Примерно в это время он как-то зашел ко мне. Мы говорили о том о сем – о его работе, о его будущем. И конечно, об эндокринных железах и их социальном значении. Его книга на эту тему должна скоро появиться. Между прочим, он неважно себя чувствует. Какой-то загиб в пищеводе – бог его знает, что это такое, – и печень слегка увеличена, так, по крайней мере, показывает рентген. Вид у него, правда, был нездоровый. По его словам, он бросил пить и не работает по ночам. Доктор велел. Потом он снова начал ругать жизнь, ее пустоту и бессмысленность.
– Знаете что, Джек, – сказал я, – вам бы найти девушку, которая бы вас понимала и могла работать с вами. Все бы у вас наладилось, если бы…
– Если бы мне встретить такую, как Оливия. Но мне ее не встретить. Другой такой нет.
Он поднялся, собираясь уходить. Лицо его так ясно выражало то, что происходило в его душе, – скорбь и безнадежность. Мне стало жаль его.
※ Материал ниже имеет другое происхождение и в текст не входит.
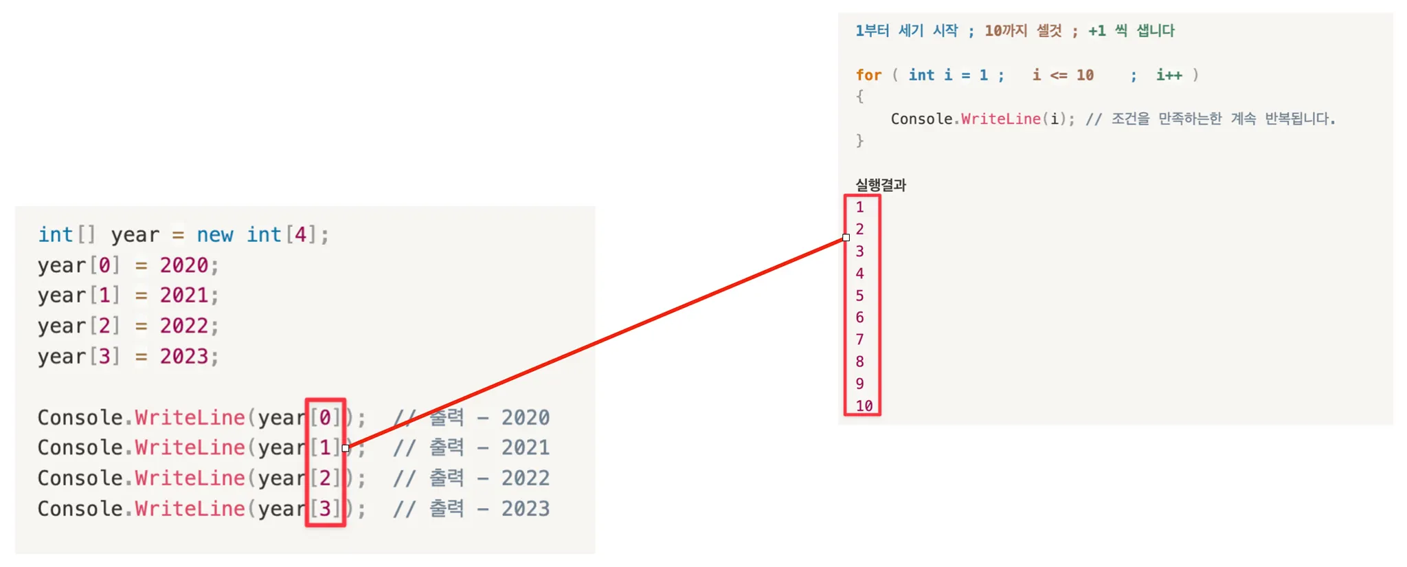 year[i] 은 곧 year[2] 으로 사용됩니다. - // 2022 출력

Весной я написал ему, что собираюсь в большую пешеходную экскурсию, километров так на пятьсот. Я предложил ему отправиться со мной, хотя бы на несколько дней. Он ответил письмом, в котором с восторгом и вместе с какой-то неуверенностью говорил о моем предложении; он, видимо, сознавал, что ему следует это сделать, но чувствовал, что не сможет. Он очень хотел бы, но… Осенью я пригласил его к себе на дачу и после десятидневного молчания получил письмо от его сестры. Она писала, что он уже две недели болен и последние десять дней лежит без сознания. Он еще успел, пока был в памяти, прочитать мое письмо и сказал, что непременно ответит, как только встанет на ноги. Но это были последние его сознательные минуты; с тех пор лихорадка, учащенный пульс, температура сорок. И все время бред – об Оливии, о том, как они встретились, как жили после свадьбы. Я приехал в больницу и застал там одного нашего общего знакомого, который как раз перед болезнью Джетро гостил у него на даче. Он рассказал мне, что Джетро в то время опять начал пить, хотя и обещал больше не прикасаться к рюмке. Затем легкая простуда, жар и почти сразу же – бессознательное состояние.
– Удивительное дело, – рассказывал он, – как только Джетро потерял сознание, он сразу же начал бредить о своей жене, ну, этой, знаете, Оливии Бранд.
– Знаю, – сказал я.
– Он только о ней и говорил.
– Вот как.
Я поднялся наверх; Джетро лежал на больничной койке, окруженный докторами – их было трое – и сиделками; он что-то бессвязно бормотал, как это бывает с больными в жару. Он то провозглашал тост за чье-то здоровье: «Всем налито? Поднимайте бокалы!» То усаживал какую-то компанию в автомобиль: «Все в сборе?» То вдруг порывался встать и идти домой, – он должен идти домой, скорее домой, Оливия сказала… Потом он звал сестру или мать. Я взял его за руку, пристально посмотрел ему в глаза:
– Джек, вы слышите меня? Вы меня узнали? Ведь вы же знаете меня?
– Конечно знаю, – ответил он. Глаза его на минуту прояснились. – Вы… – И он назвал мое имя. Это было прощание.
Еще через две недели он был жив, но так и не пришел в себя. Все такой же жар, все тот же бред об Оливии.
– Как странно, – сказала мне его сестра. – Болезнь у него началась точь-в-точь как у Оливии. Сначала легкая ангина, потом сразу лихорадка. Оливия умерла на шестые сутки; мы думали, что и он дольше не протянет. В тот день силы совершенно покинули его. И он без конца бредил о ней. Не понимаю, как он выжил.